Mobisense: Lifespace Tracking And Activity Monitoring On Mobile Phones

Ian Dewancker2, Jaimie F. Borisoff1, Boyang Tom Jin2, and Ian M. Mitchell2

1British Columbia Institute of Technology,

 2Department of Computer Science, University of British Columbia

Introduction

Mobile devices such as phones and tablets are now ubiquitous and have become important tools in our daily lives. Our activities and behaviours are becoming increasingly coupled to these new devices with their ever improving sensor technologies. With current devices, mobility patterns and physical activity levels are particularly amenable to inference and analysis by leveraging the integration of GPS, accelerometers, and other sensors. Coupled with feedback through display screens, speakers, and vibration, mobile technology has reached a level of sophistication that it now presents as an attractive platform for assistive technology research and health-related applications.

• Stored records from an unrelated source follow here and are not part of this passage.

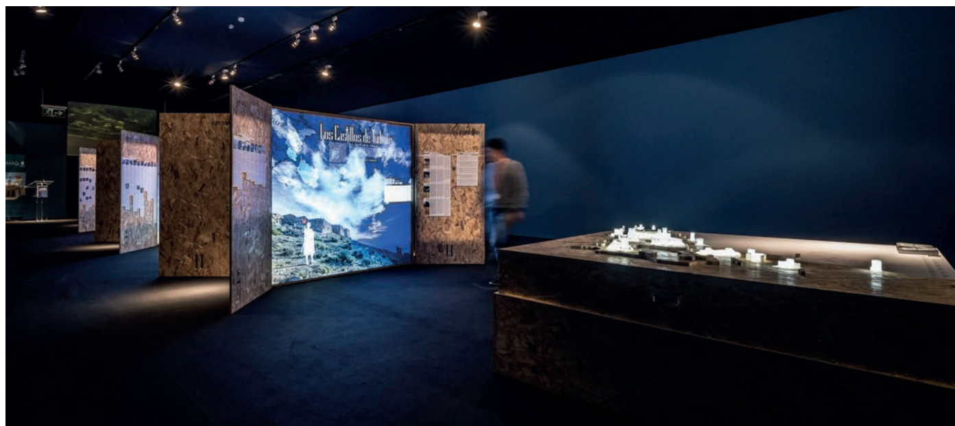
Figura 7. Vista de la exposición "Guardianes de Piedra. Los castillos de Alicante" realizada en el MARQ.
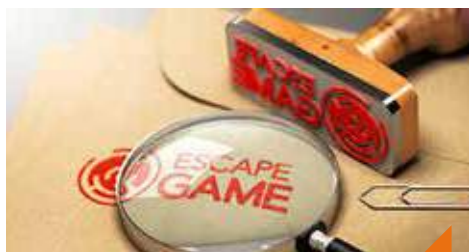
P'tites méninges : escape game
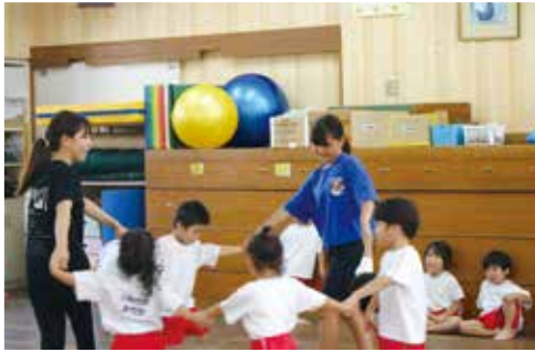
明るく楽しく体験（保育園にて）

「新しい友達ができた。普段は使わない手話を教わり、新鮮に感じた」「楽しく福祉について学びました」といった声があり、とても有意義な機会となったようです。
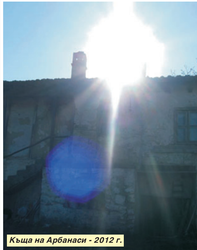
Къща на Арбанаси - 2012 г.
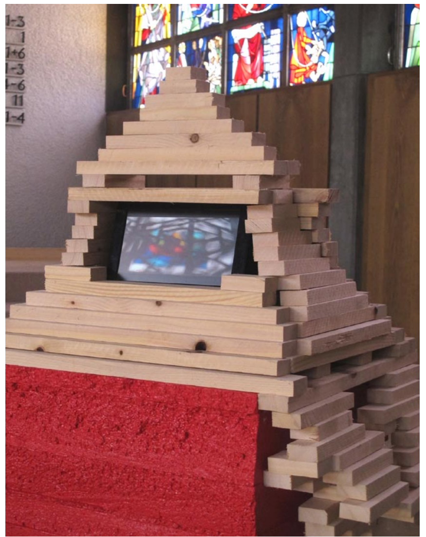
Tag 8 auf dem Bildschirm
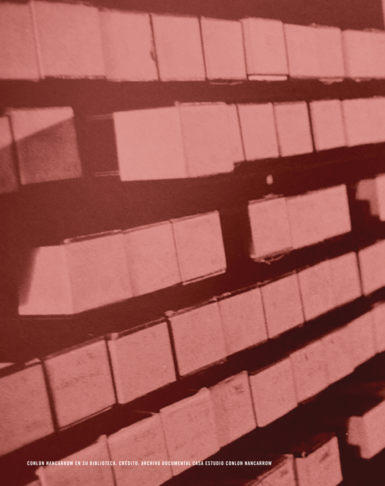
CONLON NANCARROW EN SU BIBLIOTECA.
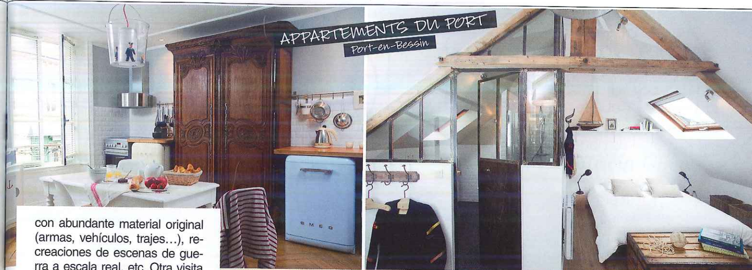
APPARTEMENTS DU PORT Port-en-Bessin

ponibles más de 2.900 alojamientos en Normandía. PLAYAS CON HISTORIA Si quieres recorrer las playas del Desembarco de Oeste a Este, comienza por Utah Beach , situada entre las localidades de Pouppeville y La Madeleine. Aprovecha también para visitar el Museo del Desembarco de Utah Beach, donde podrás ver un bombardero B26, y el Musée Airborne. Omaha Beach , conocida como Bloody Omaha por la crueldad de la batalla, se extiende a lo largo de 8 km. entre los pueblos de Vierville-sur-Mer, Saint-Laurent-sur-Mer, Colleville-sur-Mer y Honorine-des-Pertes. Aquí es parada obligatoria el Museo Memorial,
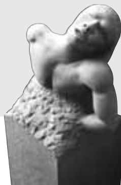
Gesellenstück von Peter Benedykjnski (Saarland), UDELFANGER SANDSTEIN
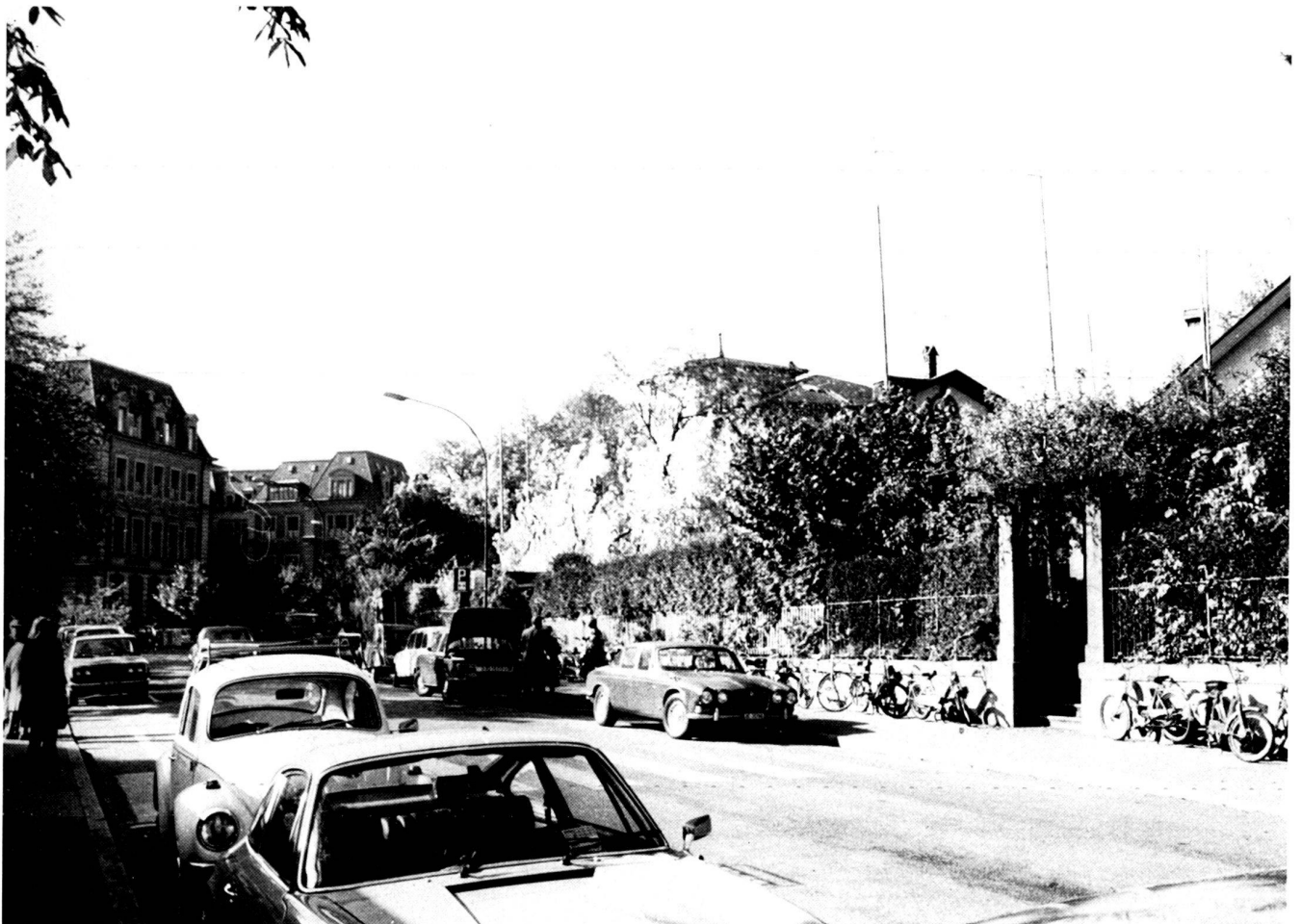
Before and after felling a tall tree. Impressive example of the effect of a tree in the urban scenery and streetscape.
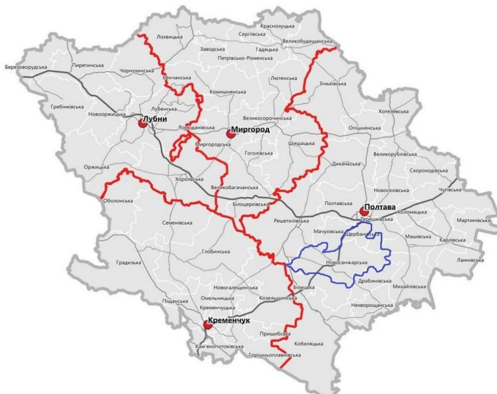
Рис. 2.1. Схема розташування холдингу «Фенікс Хантер» в межах Полтавської області

Район має вигідне транспортно-географічне розташування, густу мережу автомобільних шляхів, ліній електропередач та сприятливі кліматичні умови, що в цілому формують високий природно-ресурсний потенціал. Корисні копалини на території району включають газоконденсат, піски будівельні, цегельна і керамзитова сировина. Ґрунтові та агрокліматичні умови території розміщення мисливського господарства сприятливі для розвитку лісового господарства.
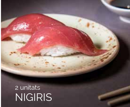
2 unitats NIGIRIS
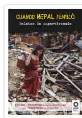
CUANDO NEPAL TEMBLÓ VARIOS AUTORES
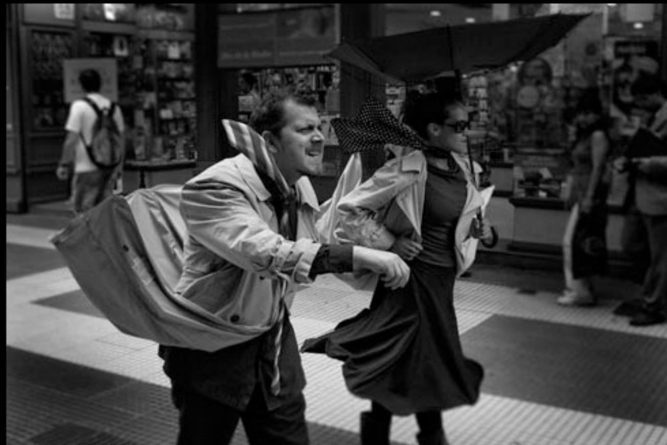
BS AS IN BW

http://www.roberdam.com/roberdam/blog/?p=411

The electronic health movement has made great strides in improving access to health care information by using Internet technologies. An obvious next step in this progression is to leverage both Internet and mobile technologies and investigate mobile health, or mHealth, applications (Open mHealth, 2013) that move towards further personalization and assistive capabilities. In a more general sense, the quantified self movement (Quantified Self, 2013) aims to promote self-improvement through consistent data collection and analysis. The underlying philosophy of the quantified self movement is that consistent measurement of and reflection on important personal metrics leads to an almost instinctive improvement in behaviour. There are a growing number of quantified self tools for improving lifestyle or behavioural habits such as diet, exercise, and time management. Of particular interest to assistive technologists and rehabilitation scientists is measurement of a person's mobility, which is an important factor in assessing quality of life (Schenk et al., 2011).

Several systems have been built in recent years that explored mobility sensing and reporting to varying degrees. UbiFIT (Consolvo et al., 2008) was designed to track physical activity (i.e. walking) and provide on-phone visual feedback with a simple intuitive display, although users wore a separate pedometer that communicated with the phone. FUNF, an open source sensing framework for Android (Pentland, Aharony, Pan, Sumter, & Gardner, 2013), provided an extensible framework for capturing a wide variety of sensor data from a device and publishing it to a web service. HumansSense (Frank, 2013) is an open source data collection platform on Android, capable of logging sensor data and uploading to a web service. A proof of concept system for lifespace recording that utilized pre-placed bluetooth beacons in the home and mobile phones has been demonstrated (Schenk et al., 2011). The open mHealth initiative (Open mHealth, 2013) recently proposed a standardized architecture for mHealth and reporting applications. Ohmage, the open mHealth sensing platform (Hicks et al., 2011), allows for data collection on a phone with the ability to upload data to a web service for summarizing and visualizing reports for users. The application has been used to track users' activity levels and has also been applied in other studies, e.g. monitoring stress levels in new mothers (Ohmage, 2013).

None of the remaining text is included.